[Assignment]
Quote word for word the lines below, beginning with the first and ending with the one that has "Dann die Bohnen". Drop the pictures.

(Items from a dataset)

* * * *

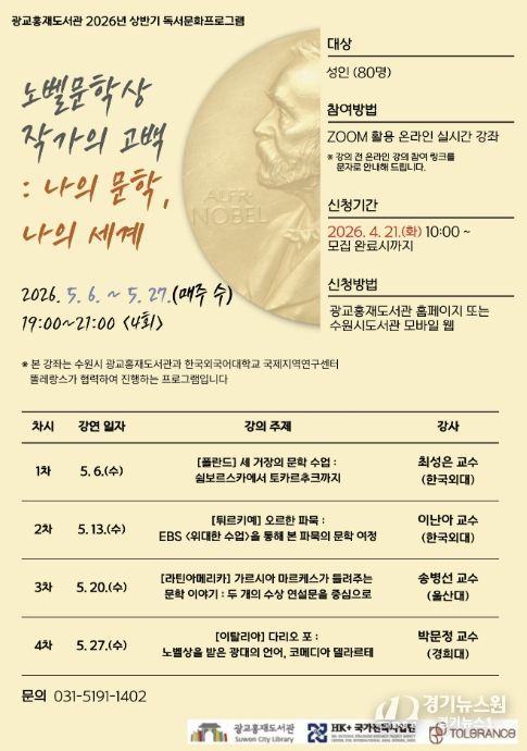 [경기뉴스원/경기뉴스1] | 수원시 광교홍재도서관이 한국외국어대학교와 협력해 진행하는 2026년 세계문화기행 시리즈 1편 ‘노벨문학상 작가의 고백 : 나의 문학, 나의 세계’ 강좌를 수강할 시민을 모집한다.
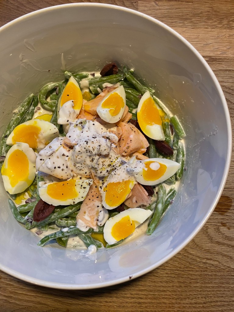 Dann die Bohnen im Dressing schwenken und auf Teller geben. Die Eier vierteln und darauf verteilen. Den Lachs von der Haut ziehen, herzhaft zerpflücken und zu den Bohnen und Eiern geben. Die restlichen gehackten Oliven drüberstreuen und mit etwas Dressing beträufeln. Ein Schuss Olivenöl und Pfeffer, fertig. Bon appétit!
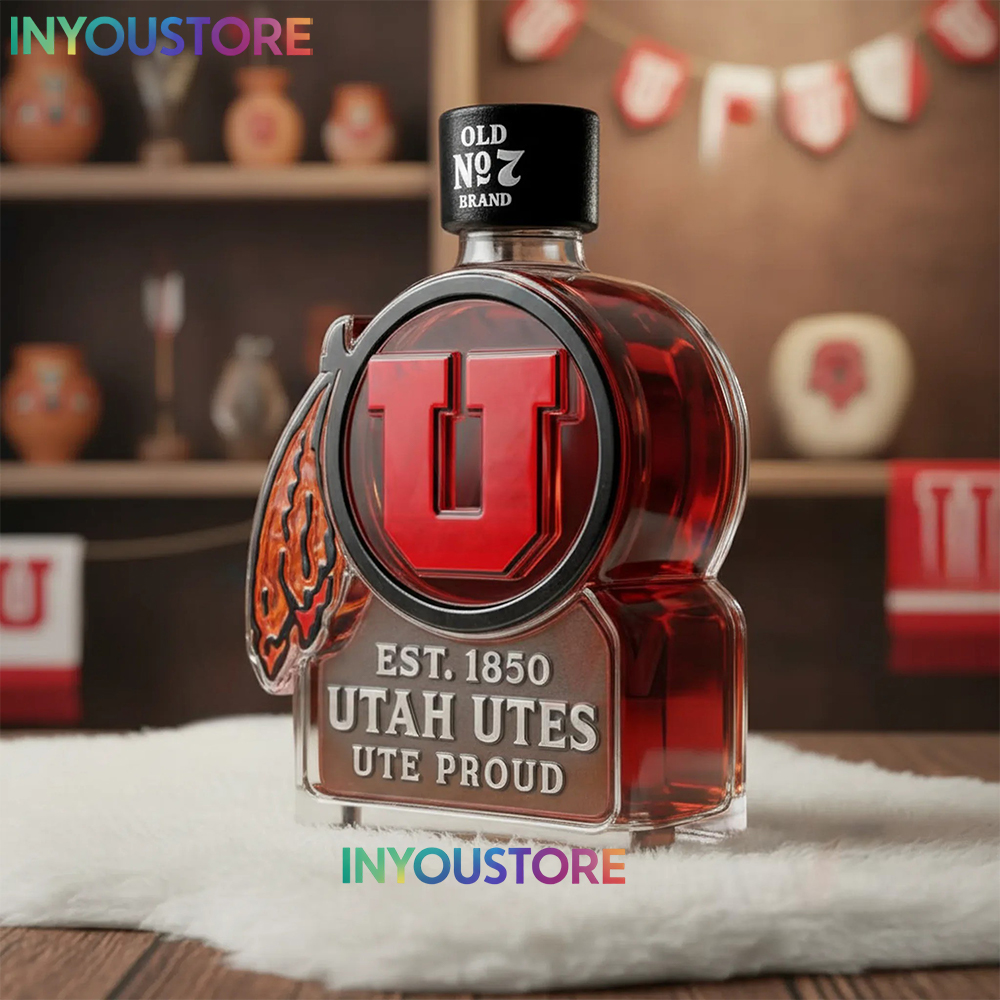 Crafted from high-quality glass with detailed Utes-inspired artwork, this bottle is perfect for holding whiskey, bourbon, or other favorite spirits. Whether displayed in a home bar, fan cave, or office, it makes a striking statement that showcases true Utah loyalty.
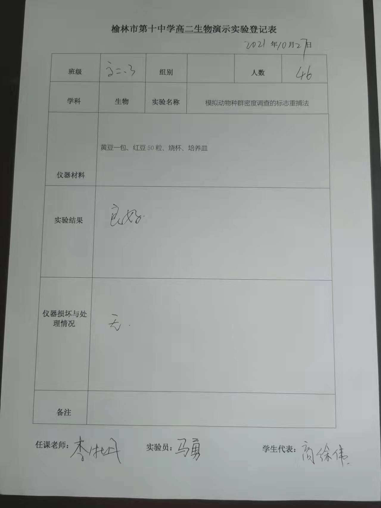 实验登记表
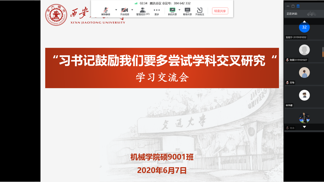 2020年6月7日星期日晚上7:30分,yl6809永利官网硕9001班团支部在腾讯会议中开展了持续两个小时的“习近平总书记鼓励我们要多尝试学科交叉研究”线上学习讨论交流会,团支部书记张骞主持了这次会议,会上同学们讨论积极。
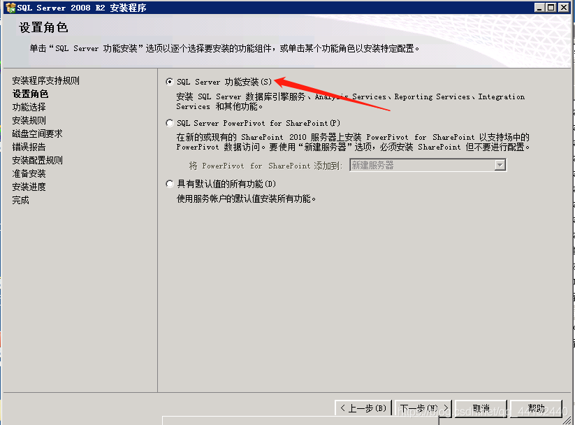9、选择”SQL server功能安装“,点击”下一步“
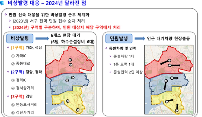 비상발령 근무 시스템도 체계적으로 개선했다. 호우경보 등 기상특보에 따른 비상발령 시, 서구 전역을 3개 권역으로 구분하여 구역별 2개소, 총 6개소의 전진기지에 하수준설장비 및 준설원 6팀이 대기한다. 각 구역에서 침수 민원이 발생할 경우 대기차량이 인근 현장으로 출동하여 즉각 처리할 수 있는 시스템을 마련하여, 하수준설장비의 동선을 효율적으로 개선했다.

* * * *

[Expected answer]
 [경기뉴스원/경기뉴스1] | 수원시 광교홍재도서관이 한국외국어대학교와 협력해 진행하는 2026년 세계문화기행 시리즈 1편 ‘노벨문학상 작가의 고백 : 나의 문학, 나의 세계’ 강좌를 수강할 시민을 모집한다.
 Dann die Bohnen im Dressing schwenken und auf Teller geben. Die Eier vierteln und darauf verteilen. Den Lachs von der Haut ziehen, herzhaft zerpflücken und zu den Bohnen und Eiern geben. Die restlichen gehackten Oliven drüberstreuen und mit etwas Dressing beträufeln. Ein Schuss Olivenöl und Pfeffer, fertig. Bon appétit!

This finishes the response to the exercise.